Undiagnosed endometriosis affects fertility.

Undiagnosed endometriosis affects fertility.

Undiagnosed Endometriosis Linked to Lower Fertility Rates in Women

Women who suffer from undiagnosed endometriosis are significantly less likely to have children compared to their peers, according to a recent study conducted by researchers at Helsinki University Hospital in Finland. The findings emphasize the importance of early detection and treatment for women suffering from painful menstruation and chronic pelvic pain.

Endometriosis is a painful chronic inflammatory condition in which tissue from the lining of the womb grows in other places. Symptoms of endometriosis can be debilitating, including painful menstruation, pelvic pain, painful intercourse, and difficulty getting pregnant. However, it often takes up to seven years to receive a correct diagnosis, which is typically done through surgery. Diagnosis based on ultrasound findings or symptoms alone is now more widely accepted.

The study, published in the journal Human Reproduction, analyzed data from over 18,000 Finnish women between the ages of 15 and 49. Each woman had surgical verification of endometriosis between 1998 and 2012. The researchers compared these women with over 35,000 women who did not have an endometriosis diagnosis.
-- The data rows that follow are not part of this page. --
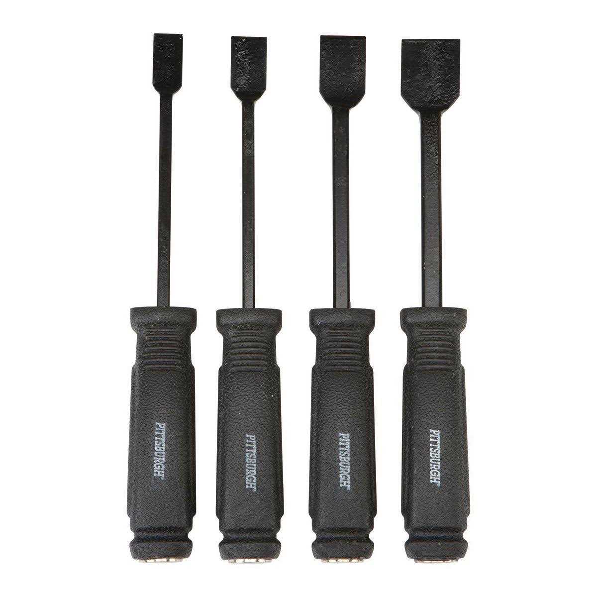 Handle countless heavy duty scraping jobs with this handy scraper set. Ideal for most prep and finish jobs, each piece in this scraper set includes a long shaft that goes through the entire handle for added durability and textured handles with contoured grips for a secure hold. Power through nearly any scraping job with the forged heat treated carbon steel blades in this scraper set.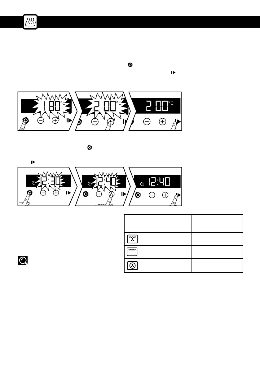 Il forno si riscalda, la funzione di cottura lampeggia. Quando il forno raggiunge la temperatura selezio-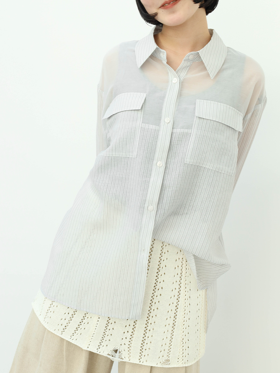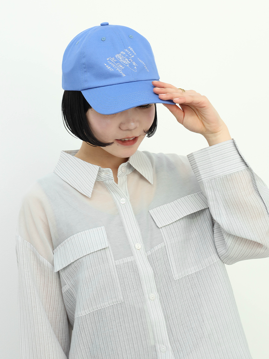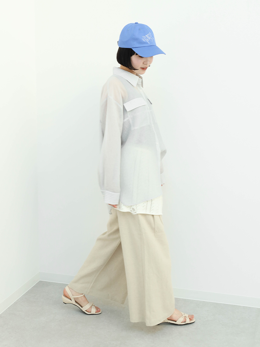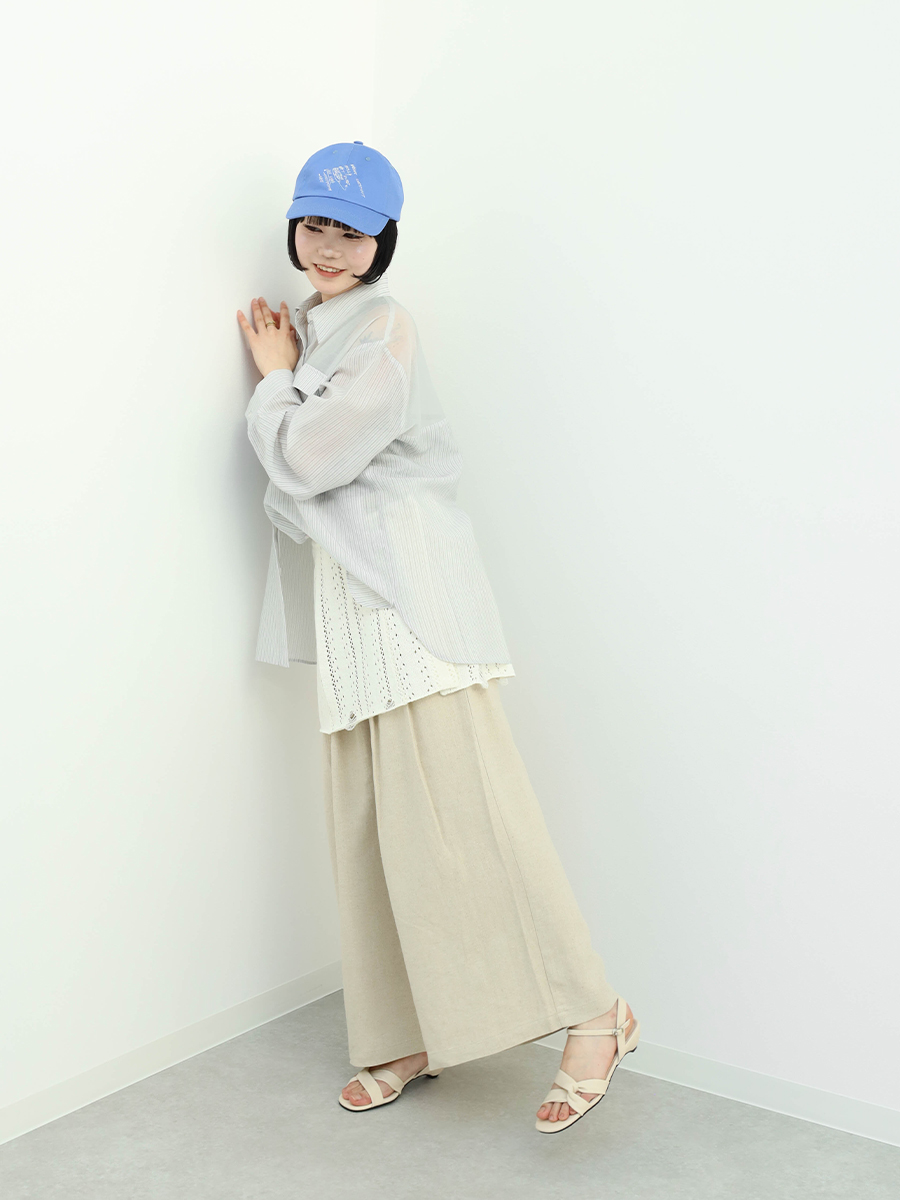 鮮やかなブルーのキャップをアクセントにしたコーデ。シアー感のあるストライプシャツが軽やかな印象をプラスします。ニット素材のラップスカートをレイヤードすることで、FIKA.らしいナチュラルなムードに。
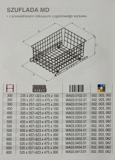 Dostępne SZUFLADY KOSZE MD do szafek o szerokości 30,40,50,60 cm, w 3 wariantach wysokości :H-100, H-150, H-200, (H-300 tylko dla koszy 50 i 60).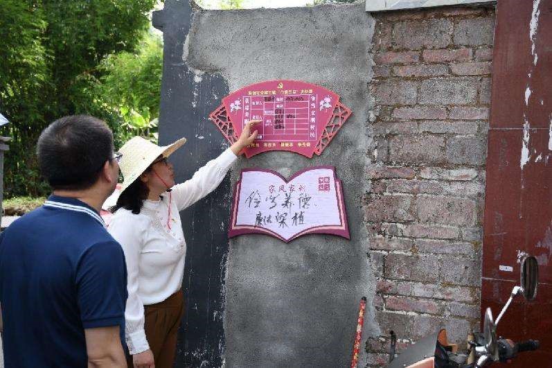曾书记正在介绍党群共建“门前三包”责任牌和家训牌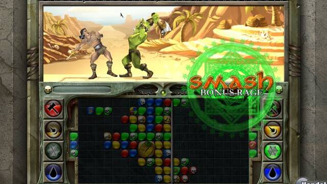 La pantalla de juego se divide en dos partes una con las gemas de colores que van cayendo en la parte del jugador y en la de su rival y una parte superior en la que vemos a los dos luchadores enfrentándose. Según vayamos haciendo combinaciones de colores y las gemas se vayan retirando, desencadenaremos ataques o el uso de objetos, teniendo cada personaje habilidades específicas.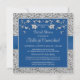 Keep with your royal blue and silver Love Hearts wedding theme with this romantic Bridal or Wedding Shower invitation with images of a pair of joined hearts overtop of a royal blue ribbon and bow image running across the centre of the invite. There is a simulated silver border around the edges of the card on the front and back sides. The shower details are printed in grey on a royal blue background on the back with a silver floral arch at the top. If you need any additional matching items, please email your request to niteowlstudio@gmail.com or use the Zazzle chat feature to get in touch.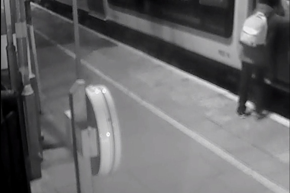 Platform CCTV images of the rear portion of the train showing the passenger in contact with the train (courtesy of West Midlands Trains)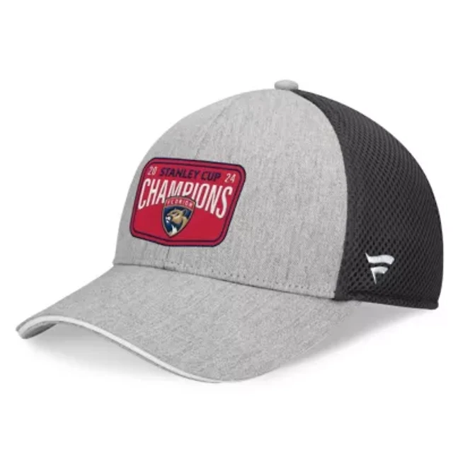 NHL Fanatics Gray/Charcoal Florida Panthers 2024 Stanley Cup s Locker Room Meshback Structured Adjustable Hat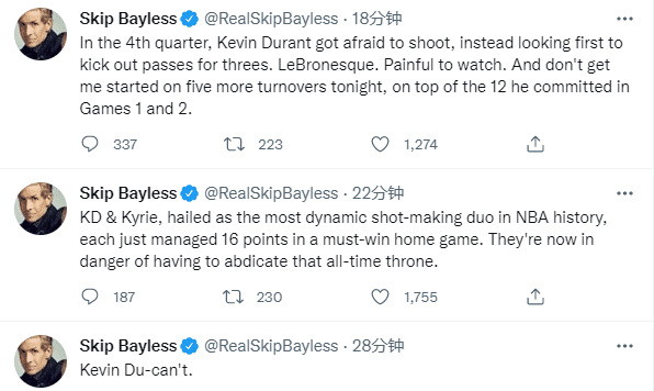 Skip狂喷杜兰特,发推写道:在第四节,杜兰特不敢投篮,而是传球找队友,勒布朗式的表现。看起来让人感到痛苦。在前两场失误12次,今天再次有5个失误,KD和欧文恐怕要失去历史上最具技巧双人组的头衔了。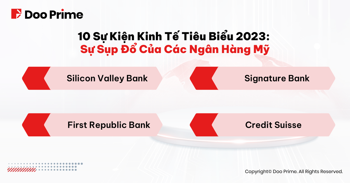 Vào ngày 10 tháng 3 năm nay, Bộ Bảo vệ và Đổi mới Tài chính California (DFPI) đã thông báo đóng cửa Silicon Valley Bank. Ngân hàng này sau đó được tiếp quản bởi được tiếp quản bởi Tổng công ty Bảo hiểm Tiền gửi Liên bang (FDIC). Vào ngày 12 cùng tháng, Signature Bank cũng đóng cửa bởi cơ quan quản lý bang New York. Sau đó, FDIC cũng tiếp quản và thành lập Signature Bridge Bank như một đơn vị chuyển giao. Trong khi đó, Credit Suisse xin dời báo cáo tài chính năm 2022 của họ, khiến cổ phiếu ngân hàng này giảm sâu do tâm lý hoảng loạn của nhà đầu tư. Tuy nhiên, sau sự can thiệp của chính phủ Thụy Sĩ, UBS đã mua lại Credit Suisse với giá 3 tỷ franc Thụy Sĩ, cứu công ty này khỏi sự sụp đổ khi đang chìm sâu vào khủng hoảng.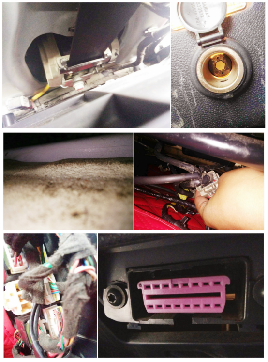 车辆的方向盘转向柱、座椅底部、地胶、安全带、点烟器、车内线束和保险丝盒没有发霉、泥沙、锈蚀痕迹,排除了水淹车的可能。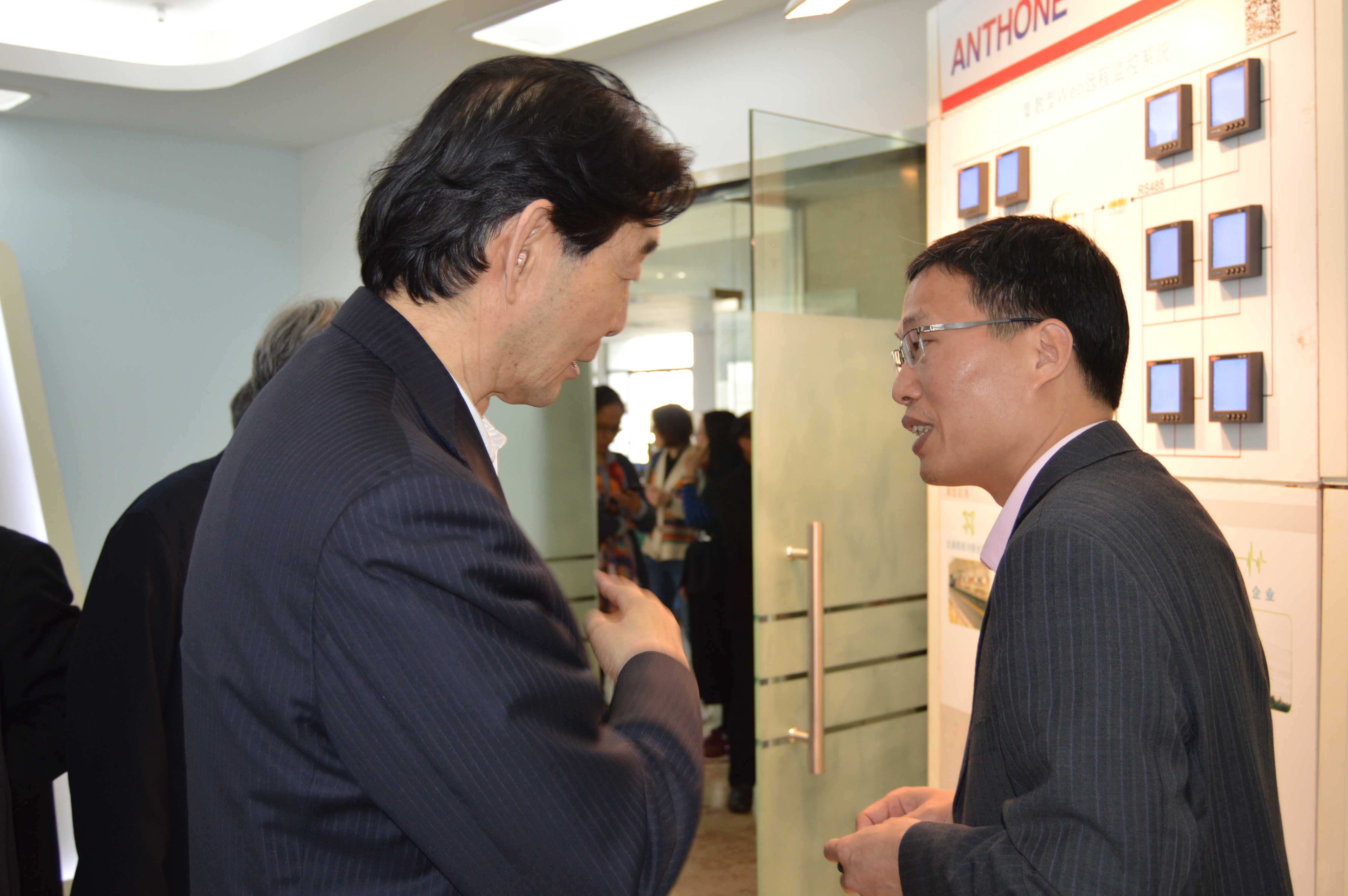 隨后,在肖總經(jīng)理的陪同下,學(xué)會代表們參觀了我司產(chǎn)品展覽廳,吳副理事長具體詢問了我司液晶電力監(jiān)測儀和智能型觸摸屏無紙記錄儀的相關(guān)信息,在了解后對我司智能型觸摸屏無紙記錄儀的革命性技術(shù)創(chuàng)新十分感興趣。

The women were followed until their first live birth, sterilization, removal of the ovaries or womb, or until the surgical diagnosis of endometriosis.

The findings revealed that women with endometriosis had significantly lower rates of live births compared to those without the condition. More than 40% of women with endometriosis delivered a live baby during the follow-up period, compared to 66% of women without endometriosis. The rate of first live births was only half among women with endometriosis compared to those without the condition.

Furthermore, the study found that the difference in live birth rates between women with and without endometriosis has been increasing over the decades. For instance, in women born during the 1940s, the difference in live birth rates between the two groups was 28% before surgically diagnosed endometriosis. However, this difference rose steadily to 87% during the 1970s.

The researchers believe that this trend may be associated with several factors, including the older age of women when they have their first baby, earlier surgical diagnosis of endometriosis, and accumulating adverse effects of endometriosis in affected women. Women with endometriosis had an average of 1.93 children before their diagnosis compared to 2.16 for those without endometriosis.

Dr. Oskari Heikinheimo, the study’s leader, highlights the importance of early diagnosis and treatment, saying, “The possible effect of endometriosis on the desired number of children highlights the importance of early diagnosis and treatment.” He also recommends that doctors should discuss with women suffering from painful menstruation and chronic pelvic pain the potential effects on their fertility and provide relevant treatment for endometriosis without delay.

It is important to note that the study reports on live births before a definitive diagnosis of endometriosis. The researchers plan to further investigate fertility rates after diagnosis and treatment in future research. This study’s strength lies in its large sample size, although it only includes surgically confirmed cases of endometriosis, potentially excluding women with milder symptoms. Additionally, the study did not collect data on whether the women wanted to become pregnant or consider the potential impact of fertility treatments.

It is crucial for both healthcare providers and women to be aware of the potential impact of undiagnosed endometriosis on fertility. By staying vigilant and seeking early diagnosis and treatment, women can take proactive steps towards preserving their fertility and achieving their desired number of children.